Non-adherence to a treatment plan recommended by the therapist is a key cause of the increasing rate of chronic medical conditions globally. The therapist-patient therapeutic alliance is regarded as a successful intervention and a good predictor of treatment adherence. Similar to the human scenario, embodied conversational agents (ECAs) showed evidence of their ability to build an agent-patient therapeutic alliance, which motivates the effort to advance ECAs as a potential solution to improve treatment adherence and consequently the health outcome. Building therapeutic alliance implies the need for a positive environment where the ECA and the patient can share their knowledge and discuss their goals, preferences and tasks towards building a shared plan, which is commonly done using explanations. However, explainable agents commonly rely on their own knowledge and goals in providing explanations, rather than the beliefs, plans or goals of the user. It is not clear whether such explanations, in individual-specific contexts such as personal health assistance, are perceived by the user as relevant in decision-making towards their own behavior change. Therefore, in this research, we are developing a user-aware explainable ECA by embedding the cognitive agent architecture with a user model, explanation engine and modified planner to implement the concept of SharedPlans. The developed agent will be deployed and evaluated with real patients and the therapeutic alliance will be measured using standard measurements.

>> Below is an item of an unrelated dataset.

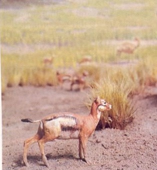 Leptomeryx, a small relative of the modern mouse deer lived from in North America. It lived it social groups much like modern small antelopes. | |

使用用户感知可解释的具身会话代理对治疗联盟进行建模以促进治疗依从性
不遵守治疗师推荐的治疗计划是全球慢性疾病发病率上升的一个关键原因。治疗师-患者治疗联盟被认为是一种成功的干预和治疗依从性的良好预测指标。与人类的情况类似,具体对话代理(eca)显示出它们建立代理-患者治疗联盟的能力,这促使人们努力推进eca,将其作为一种潜在的解决方案,以提高治疗依从性,从而改善健康结果。建立治疗联盟意味着需要一个积极的环境,ECA和患者可以分享他们的知识,讨论他们的目标、偏好和任务,以建立一个共同的计划,这通常是通过解释来完成的。然而,可解释的代理通常依靠自己的知识和目标来提供解释,而不是用户的信念、计划或目标。目前尚不清楚,在个人具体情况下,如个人保健援助,用户是否认为这种解释与他们自己的行为改变决策有关。因此,在本研究中,我们正在开发一个用户感知的可解释的ECA,通过嵌入带有用户模型、解释引擎和修改计划器的认知代理架构来实现SharedPlans的概念。开发的药物将在真实患者中进行部署和评估,治疗联盟将使用标准测量方法进行测量。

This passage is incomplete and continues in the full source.